You can't deliver peace at the end of a sword. You can only stop playing the game, that is the lesson history teaches over and over, still we do not learn. ALL our great leaders teach us about love, and LIVING the example of our beliefs, not TELLING others to do things that even we ourselves do not do. This is the difference between words worth heeding and those worthy of flushing.
Look at what Ghandi did. He didn't wage a war against Great Britain for the righteous freedom of his imprisoned people, he stopped eating and prayed. Eventually, the oppressor brought enough shame upon itself to withdraw in disgrace. Today England and India are not enemies because there was no war, just an understanding between people that what was not acceptable would not be accepted.
You can't assert that the civil rights movement was brought about by the riots! No, eventually enough people were willing to stand up and be counted that one race of people could not possibly be superior on rights to another. "Peaceful"? No, of course not, but we didn't have another civil war, we did manage to learn a little tiny bit about that. See, it was progress, and that coming from a very new entity at being a country at all. Yes, I think we can do better now, because we've shown our ability to grow and advance beyond predictions already. My expectations are high.

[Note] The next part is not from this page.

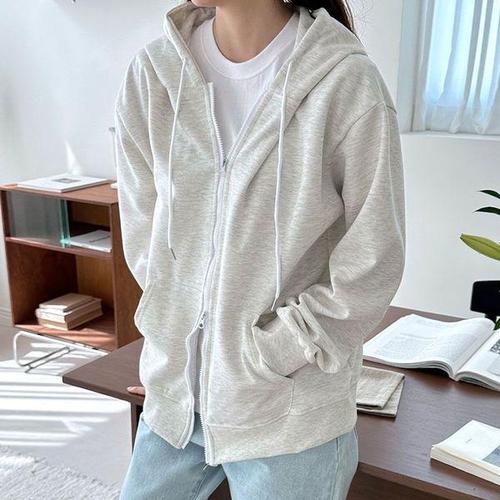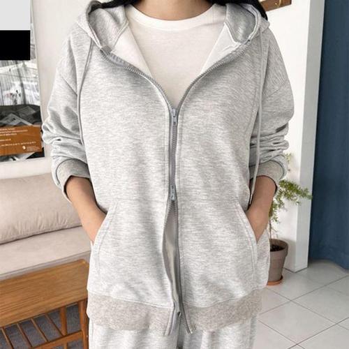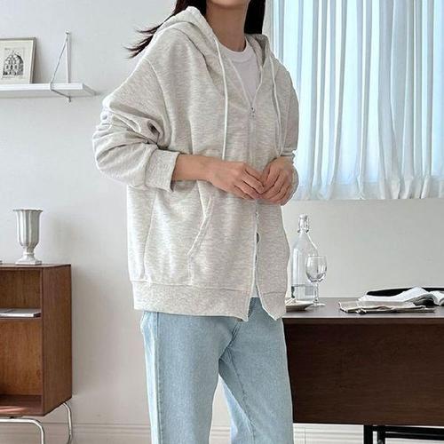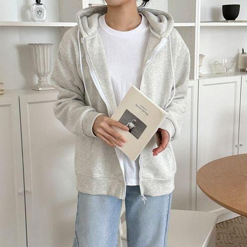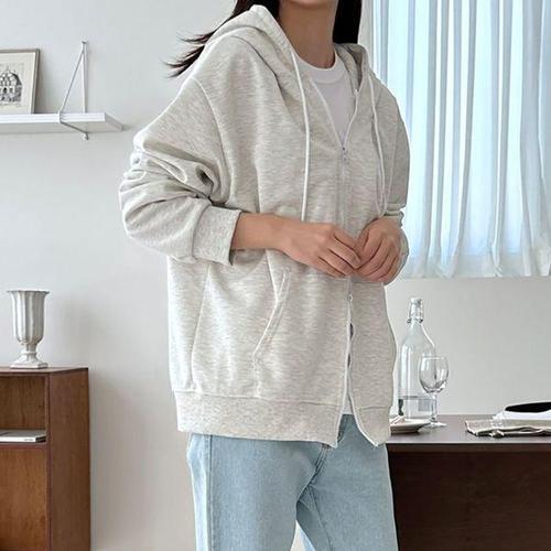 [에이치플러스몰]여자 기모 투웨이 지퍼 후드 집업 자켓 무지 캐주얼

I don't expect Americans to adopt a "religion as fallacy" motto any time soon, but I do expect tolerance for and from religion, we've already had plenty of time to work that out and shame on us for not doing it already. If we have to start from behind where we were at the inception of our constitution, shame on all of us for allowing this unfotunate turn of events to occur. None of us are blameless in ignoring what we all see. Everyone and their "not me" attitude can go fuck right off. We all allowed it, we are all responsible to make it stop.